▶ _Work instruction_: Produce one exact copy of the records, no pictures.

▶ _Data listing_:
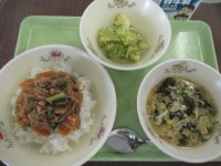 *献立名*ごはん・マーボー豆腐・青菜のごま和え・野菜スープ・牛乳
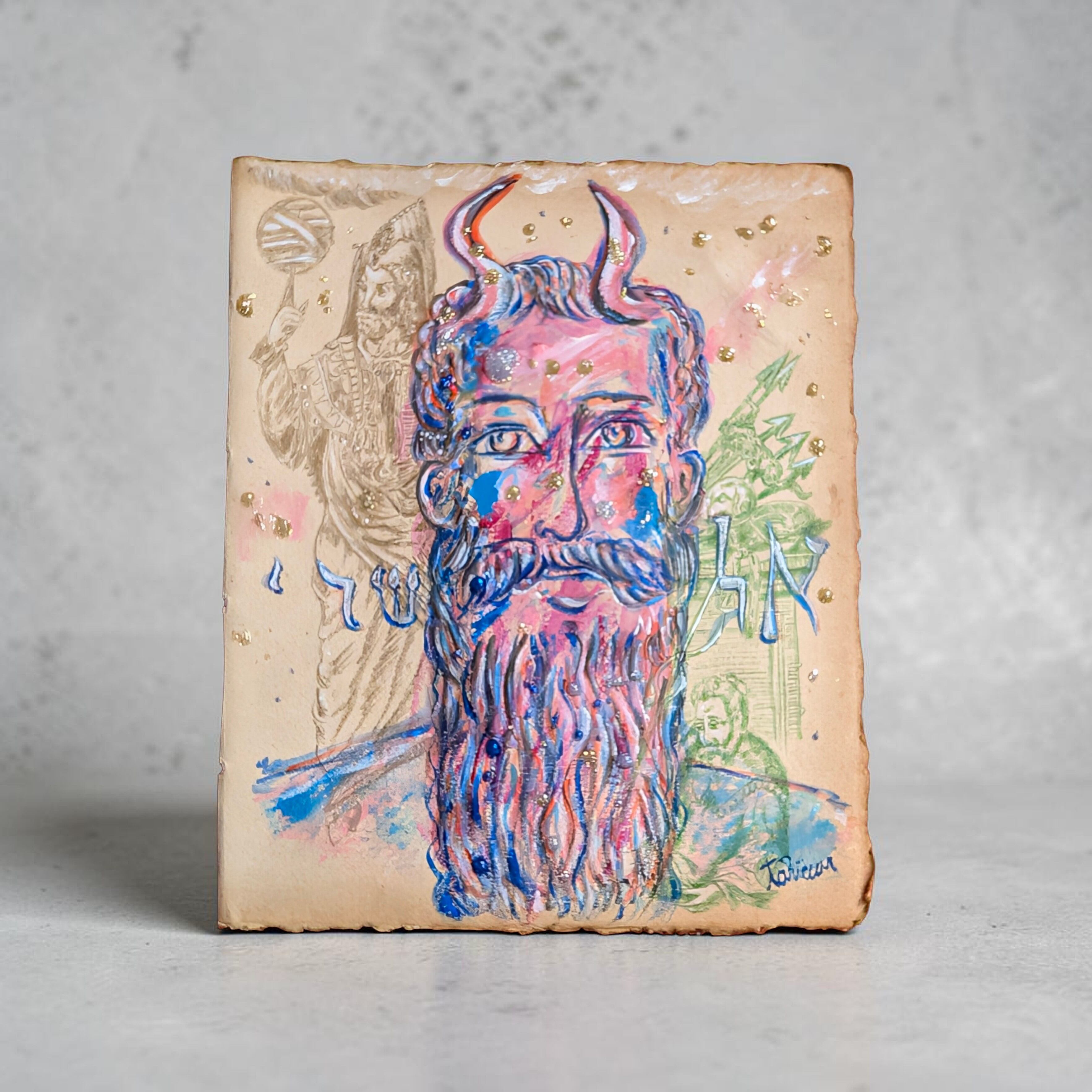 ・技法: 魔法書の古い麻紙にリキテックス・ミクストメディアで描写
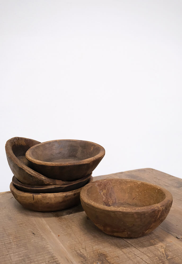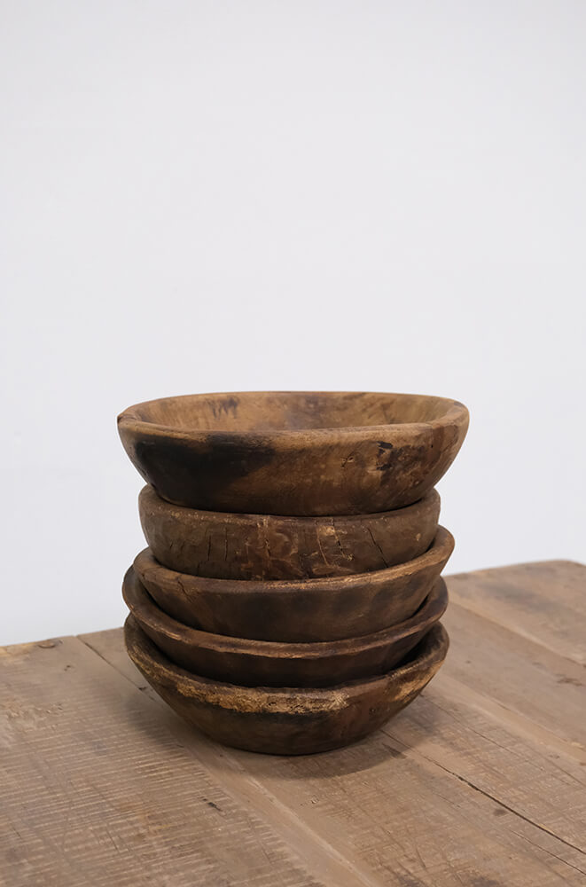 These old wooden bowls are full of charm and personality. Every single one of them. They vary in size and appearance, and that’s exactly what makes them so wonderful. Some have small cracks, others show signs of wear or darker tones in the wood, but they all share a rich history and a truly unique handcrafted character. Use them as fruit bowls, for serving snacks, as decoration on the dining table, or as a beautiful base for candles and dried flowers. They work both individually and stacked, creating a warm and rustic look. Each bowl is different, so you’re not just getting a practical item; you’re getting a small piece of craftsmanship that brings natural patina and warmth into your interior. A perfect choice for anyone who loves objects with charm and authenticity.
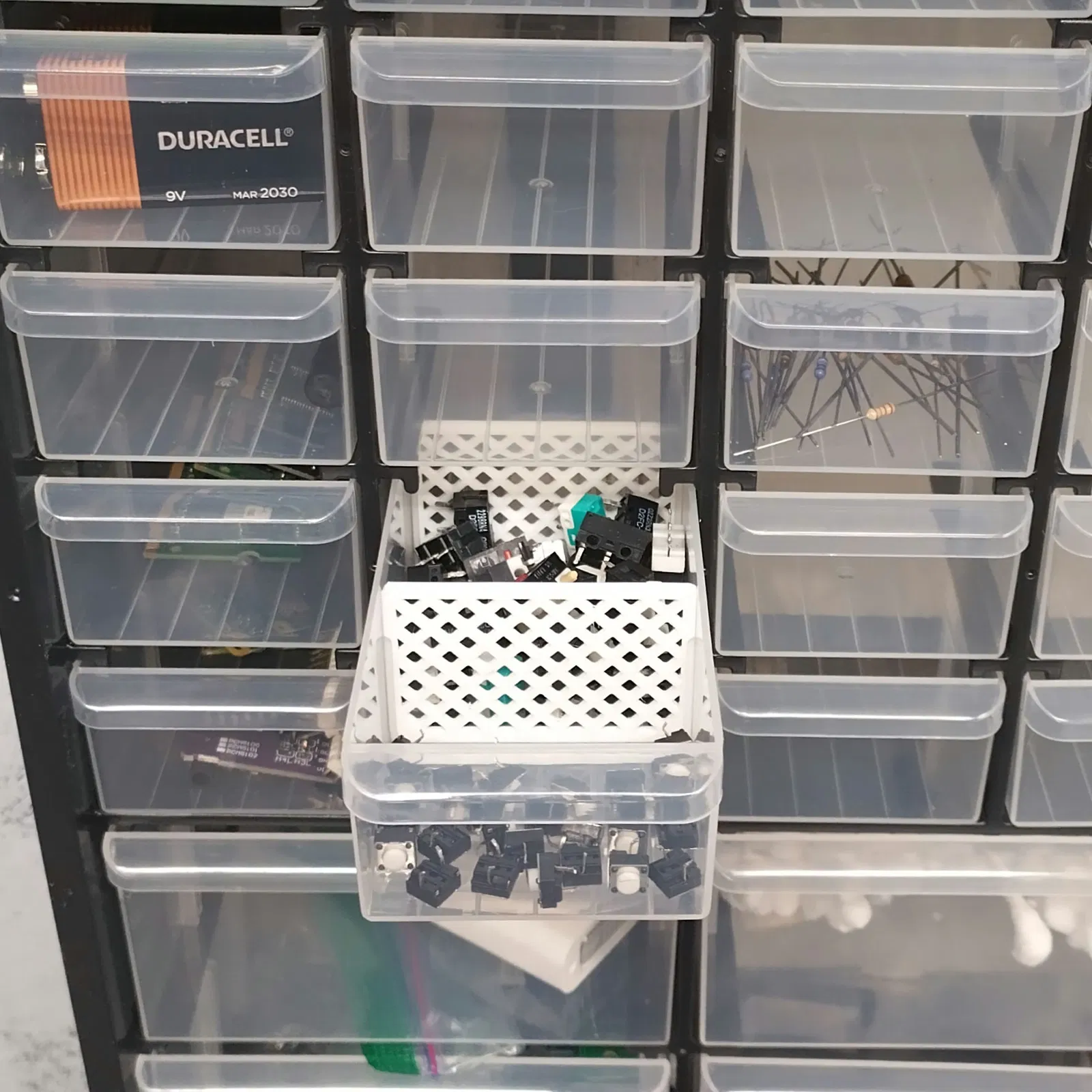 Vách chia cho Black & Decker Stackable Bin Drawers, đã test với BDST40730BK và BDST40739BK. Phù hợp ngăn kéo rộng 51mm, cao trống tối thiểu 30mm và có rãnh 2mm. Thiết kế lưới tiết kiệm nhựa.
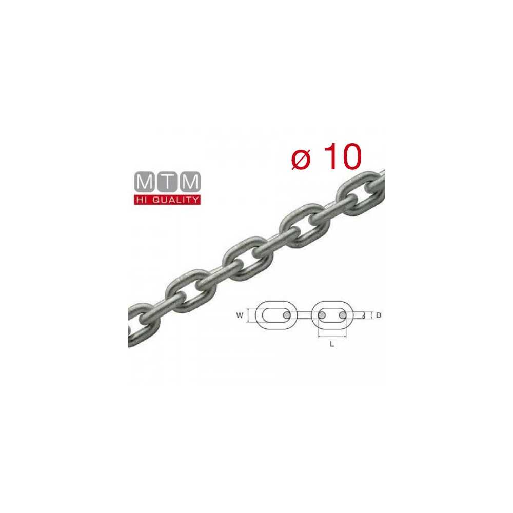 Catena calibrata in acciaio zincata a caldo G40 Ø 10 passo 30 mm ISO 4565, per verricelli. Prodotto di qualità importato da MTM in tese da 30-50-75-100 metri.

▶ _Expected output_:
 *献立名*ごはん・マーボー豆腐・青菜のごま和え・野菜スープ・牛乳
 ・技法: 魔法書の古い麻紙にリキテックス・ミクストメディアで描写
 These old wooden bowls are full of charm and personality. Every single one of them. They vary in size and appearance, and that’s exactly what makes them so wonderful. Some have small cracks, others show signs of wear or darker tones in the wood, but they all share a rich history and a truly unique handcrafted character. Use them as fruit bowls, for serving snacks, as decoration on the dining table, or as a beautiful base for candles and dried flowers. They work both individually and stacked, creating a warm and rustic look. Each bowl is different, so you’re not just getting a practical item; you’re getting a small piece of craftsmanship that brings natural patina and warmth into your interior. A perfect choice for anyone who loves objects with charm and authenticity.
 Vách chia cho Black & Decker Stackable Bin Drawers, đã test với BDST40730BK và BDST40739BK. Phù hợp ngăn kéo rộng 51mm, cao trống tối thiểu 30mm và có rãnh 2mm. Thiết kế lưới tiết kiệm nhựa.
 Catena calibrata in acciaio zincata a caldo G40 Ø 10 passo 30 mm ISO 4565, per verricelli. Prodotto di qualità importato da MTM in tese da 30-50-75-100 metri.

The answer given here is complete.